Wednesday, September 23, 2009

New news!!!!!!

I have an announcement to make!! We are EXPECTING!!!!!!!!!!!!!!!!!!!!! A little crazy to think, but in about 22 weeks we will have #3!! We are getting more excited. I was a little more shy about telling people, this time as last time we lost our 'blessing' at 9 weeks. SO we did not tell anyone, not even our parents until we were 13 or 14 weeks. I wanted to make sure. I figured no point causing drama until necessary.

There are more things to do this pregnancy, medically I mean. I have an extra ultrasound to see if we are having another big baby and we have to go for a fetal echo, today because of our oldest son to see if there were any heart defects. So wish us luck!!!

Signed,
Might be a little crazy!

Monday, June 8, 2009

It is crazy to think how fast life changes. I mean the turn of a head, the blink of an eye or a passing thought. Everything/anything can be over in a second from now. I mean GONE!!! Never to return. I am not trying to philosophical or anything, I really have nothing 'deep' in my head. I am not sure if I have ever had a 'deep', let alone profound thought.



What I am talking about is how a careless, recklessly passionate night can change the course of your life and then the same consequence can change your life again not long after.

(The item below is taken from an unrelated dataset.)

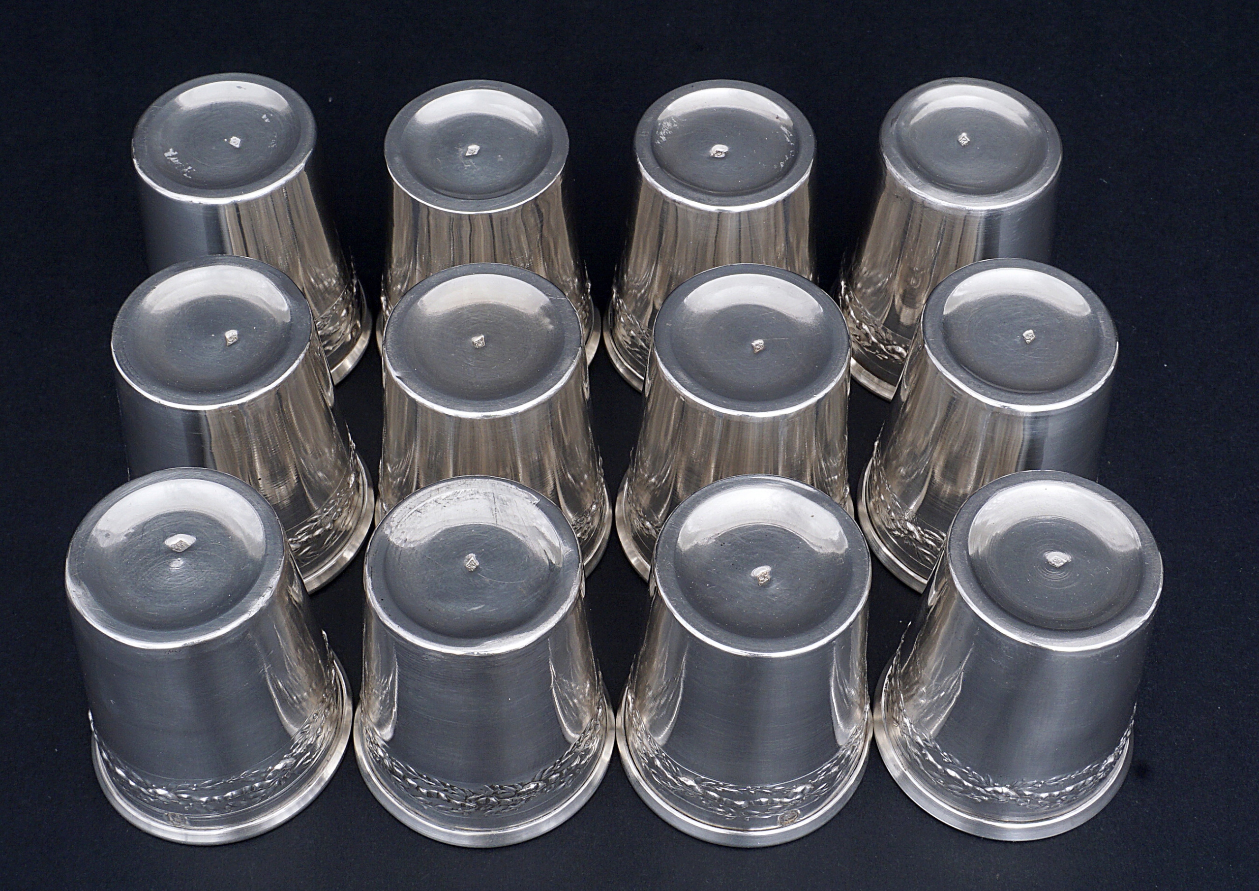 12 рюмок для водки или ликёра из серебра 950 пробы.

Larry and I have been discussing (which in our marriage means I talk and he 'listens') the prospect of further procreation. I want one more, for sure, while he is on the fence( and quite comfy with the fence post up his a##). On that note, I think this discussion is so frustrating and infuriating because we had thought we were done. After our daughter was sick as an infant we (or I should say, I)decided that two was probably more than enough. There are two parents, two hands for each child and we have a bedroom for each child. We were good, then when Ada hit about 11 months, I had a passing thought, that was met with a slightly positive pee stick. I say slightly positive because it never became any more positive and after about 6 weeks I got my period, so nothing came of it. Okay, I could deal, obviously nothing was going to, and we could try again later.

Then I decided it was time to improve my professional life, I applied for a part time job, and school. Well, Tuesday, I got accepted to school, Wednesday, heard back about my job, "I got it!!" and Thursday, I peed on another stick and I passed that test with flying colors too!!!! YEA!!!.....right?.... Okay, so needless to say, I was not too impressed and not super excited. Not even a little bit.

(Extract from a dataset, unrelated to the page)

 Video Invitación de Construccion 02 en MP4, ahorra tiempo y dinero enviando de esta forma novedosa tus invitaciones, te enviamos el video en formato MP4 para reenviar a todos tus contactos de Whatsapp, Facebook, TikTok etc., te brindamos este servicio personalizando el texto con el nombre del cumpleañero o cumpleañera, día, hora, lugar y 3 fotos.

So after the shock is gone, and I get Larry to accept this new blessing, we start to plan logistics, you know the important things like how I am going to go to Walmart with all 3 kids in tow. We tell some family and a few close friends, and make all the necessary appointments. We can do this.



Then just as soon as this little blessing makes an appearance, our lil'blessing leaves us. I mean that quick, in less than 24hrs. GONE..... This 'prospect' of a wonderfully unexpected blessing that had turned our life upside down for 9 weeks , had suddenly flown away.



I know these things happen for a reason (or so I am told) and I know this does not mean that I have to be done. I should feel comforted by the thought that it was not a healthy pregnancy, and my body took care of it, so not to burden my life, but I am not comforted by this, it make me mad and sad, that I was not meant to have that burden who in my eyes would have been perfect and beautiful, a burden I would have given anything for.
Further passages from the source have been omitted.